Let $Y(j)$ be i.i.d. with finite mean and variance, and set $\mu=\mathbb{E}(Y)$ and $\tau=\sqrt{\mathbb{E}(Y^2)}$. If $(N(t))$ is an independent Poisson process with rate $\lambda$, then the compound Poisson process is defined as $$X(t)=\sum_{j=0}^{N(t)} Y(j).$$

The characteristic function of $X(t)$ is calculated as follows: for real $s$ we have \begin{eqnarray*} \psi(s)&=&\mathbb{E}\left(e^{is X(t)}\right)\cr &=&\sum_{j=0}^\infty \mathbb{E}\left(e^{is X(t)} \ | \ N(t)=j\right) \mathbb{P}(N(t)=j)\cr &=&\sum_{j=0}^\infty \mathbb{E}\left(e^{is (Y(1)+\cdots +Y(j))} \ | \ N(t)=j\right) \mathbb{P}(N(t)=j)\cr &=&\sum_{j=0}^\infty \mathbb{E}\left(e^{is (Y(1)+\cdots +Y(j))}\right) \mathbb{P}(N(t)=j)\cr &=&\sum_{j=0}^\infty \phi_Y(s)^j {(\lambda t)^j\over j!} e^{-\lambda t}\cr &=& \exp(\lambda t [\phi_Y(s)-1]) \end{eqnarray*} where $\phi_Y$ is the characteristic function of $Y$.

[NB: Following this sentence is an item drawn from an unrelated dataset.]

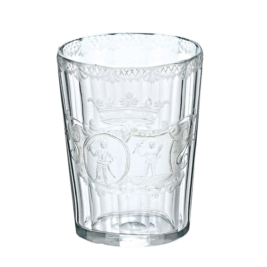 német (?), 19. sz., színtelen, fazettált üveg, köszörült páros címer koronával, páncélos vitéz és kalászszedő alakjával, talpán apró csorbulással, m: 8, 5 cm

From this we easily calculate $\mu(t):=\mathbb{E}(X(t))=\lambda t \mu$ and $\sigma(t):=\sigma(X(t))= \sqrt{\lambda t} \tau$.

Take the expansion $\phi_Y(s)=1+is\mu -s^2\tau^2 /2+o(s^2)$ and substitute it into the characteristic function of the normalized random variable ${(X(t)-\mu(t)) /\sigma(t)}$ to obtain

\begin{eqnarray*} \psi^*(s) &=& \exp(-is(\mu(t)/\sigma(t))) \exp(\lambda t [\phi_Y(s/\sigma(t))-1]) \ &=& \exp(-s^2/2 +o(1)) \end{eqnarray*} where $o(1)$ goes to zero as $t\to\infty$. This gives the central limit theorem $${X(t)-\mu(t)\over\sigma(t)}\Rightarrow N(0,1).$$

We may replace $\sigma(t)$, for example, with $\tau \sqrt{N(t)}$ to get $${X(t)-\mu(t)\over\tau \sqrt{N(t)}}= {X(t)-\mu(t)\over\sigma(t)} \sqrt{\lambda t \over N(t)} \Rightarrow N(0,1),$$ by Slutsky's theorem, since $\sqrt{\lambda t \over N(t)}\to 1$ in probability by the law of large numbers.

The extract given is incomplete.